On Mon, Jun 29, 2026 at 02:23:05PM +0300, Ioana Ciornei wrote:
> This patch adds the bulk of the changes needed in order to support
> offloading of an upper bond device.
>
> First of all, handling of the NETDEV_CHANGEUPPER and
> NETDEV_PRECHANGEUPPER events is extended so that the driver is capable
> to handle joining or leaving an upper bond device.
> All the restrictions around the LAG offload support are added in the
> newly added dpaa2_switch_pre_lag_join() function.
>
> The same events are extended to also detect if one of our upper bond
> devices changes its own upper device. In this case, on each lower device
> that is DPAA2 the corresponding dpaa2_switch_port_[pre]changeupper()
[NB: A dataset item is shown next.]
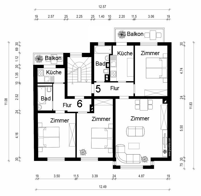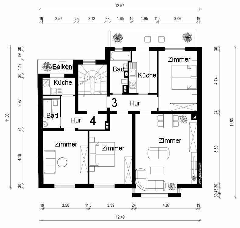 2 x 2-Zimmer, Küche, Bad, Balkon

> function will be called. This will start the process of joining the same
> FDB as the one used by the bridge device.
>
> Setting the 'offload_fwd_mark' field on the skbs is also extended to be
> setup not only when the port is under a bridge but also under a bond
> device that is offloaded.
>
> Signed-off-by: Ioana Ciornei <ioana.ciornei@xxxxxxx>
> ---
> Changes in v4:
> - Add a defensive check in dpaa2_switch_port_bond_leave() for a NULL
> port_priv->lag
> - Extend the dpaa2_switch_prevent_bridging_with_8021q_upper() function
> so that we prevent a bond device with VLAN uppers joinging a bridge.
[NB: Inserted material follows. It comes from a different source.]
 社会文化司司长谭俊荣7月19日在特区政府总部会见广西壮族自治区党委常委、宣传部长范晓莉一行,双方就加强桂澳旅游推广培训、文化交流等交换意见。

> The restriction is related to VLAN management in terms of the FDB which
> can change upon a topology change. VLAN uppers can only be added once
> the bridge topology is setup.
> - Remove all FDB management from the bond join/leave paths. Decided to
> reconfigure the FDB only on bridge join/leave since the FDB determines
> the forwarding domain and when a bond is not bridged, from a
> configuration standpoint, the individual lowers can be viewed as
> standalone.
> - Moved here the update to the dpaa2_switch_port_to_bridge_port()
> function so that the LAG state is taken into account.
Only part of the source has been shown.